- _Task requirements_
Set down the data again exactly. Pictures are not part of the copy.

- _Material for the task_
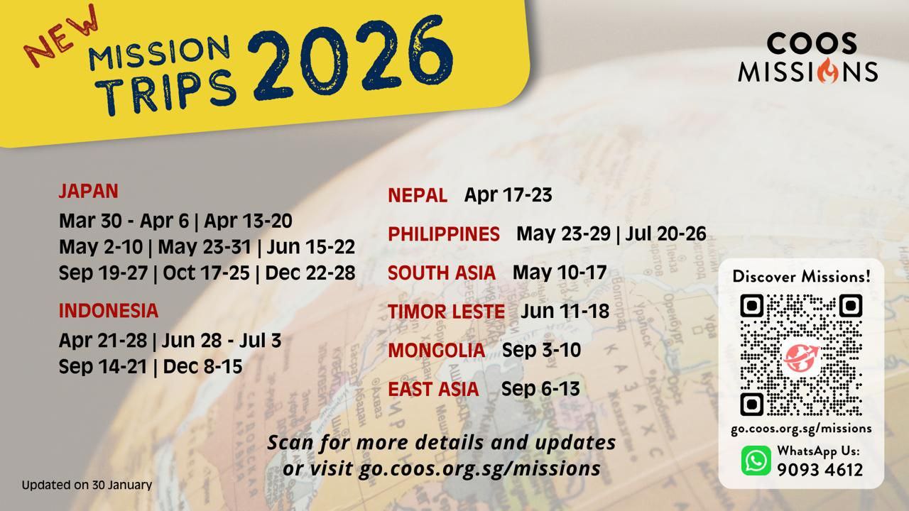 Do visit go.coos.org.sg/missions to learn more about the ministry scope for each trip, costs, etc. For enquiries, WhatsApp message our Missions department at 90934612.
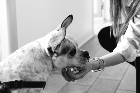A close-up of a human hand shaking a dog's paw, symbolizing trust, friendship, and a strong bond between pets and owners. High quality photo
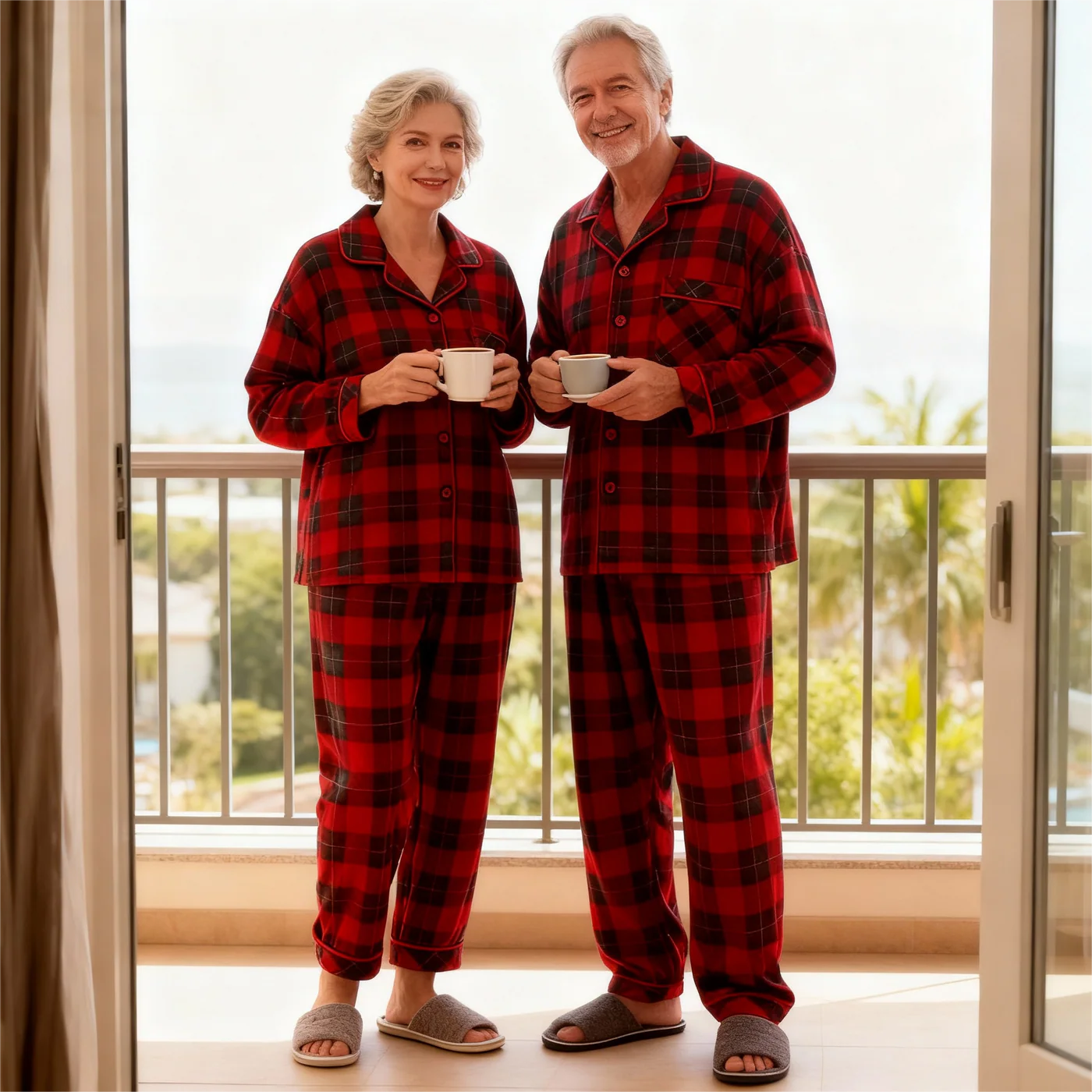• Christmas Plaid Family Matching Pajamas Set - Red Plaid Button-down Sleepwear For Men, Women, Kids & Baby, Festive Holiday Pjs
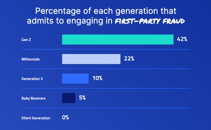 The themes landed even deeper. More socially conscious than Millennials, Gen Zers are also more OK with stealing from “evil corporations.” A fraud prevention company published survey data showing that 42% of Gen Zers (almost half!!) have lied to a credit card firm about their purchases to get charges wiped off their accounts. Meanwhile, 22% of Millennials have done the same. For Gen X, the number was 10%, and for Baby Boomers it was 5%.
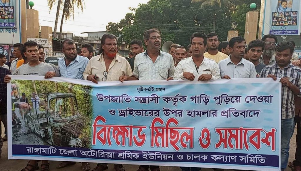 রাঙামাটিতে চাঁদা না পেয়ে আগুন লাগিয়ে অটোরিকশা পুড়িয়ে দেওয়ার ঘটনায় জড়িত পাহাড়ি সন্ত্রাসীদের গ্রেফতারসহ তিন দফা দাবি আদায়ে রাঙামাটি-চট্টগ্রাম মহাসড়ক ঘণ্টাব্যাপী অবরোধ করে শহরে বিক্ষোভ মিছিল সমাবেশ করেছে বিক্ষুব্ধ অটোরিকশা চালকরা।

- _Solution_
 Do visit go.coos.org.sg/missions to learn more about the ministry scope for each trip, costs, etc. For enquiries, WhatsApp message our Missions department at 90934612.
A close-up of a human hand shaking a dog's paw, symbolizing trust, friendship, and a strong bond between pets and owners. High quality photo
• Christmas Plaid Family Matching Pajamas Set - Red Plaid Button-down Sleepwear For Men, Women, Kids & Baby, Festive Holiday Pjs
 The themes landed even deeper. More socially conscious than Millennials, Gen Zers are also more OK with stealing from “evil corporations.” A fraud prevention company published survey data showing that 42% of Gen Zers (almost half!!) have lied to a credit card firm about their purchases to get charges wiped off their accounts. Meanwhile, 22% of Millennials have done the same. For Gen X, the number was 10%, and for Baby Boomers it was 5%.
 রাঙামাটিতে চাঁদা না পেয়ে আগুন লাগিয়ে অটোরিকশা পুড়িয়ে দেওয়ার ঘটনায় জড়িত পাহাড়ি সন্ত্রাসীদের গ্রেফতারসহ তিন দফা দাবি আদায়ে রাঙামাটি-চট্টগ্রাম মহাসড়ক ঘণ্টাব্যাপী অবরোধ করে শহরে বিক্ষোভ মিছিল সমাবেশ করেছে বিক্ষুব্ধ অটোরিকশা চালকরা।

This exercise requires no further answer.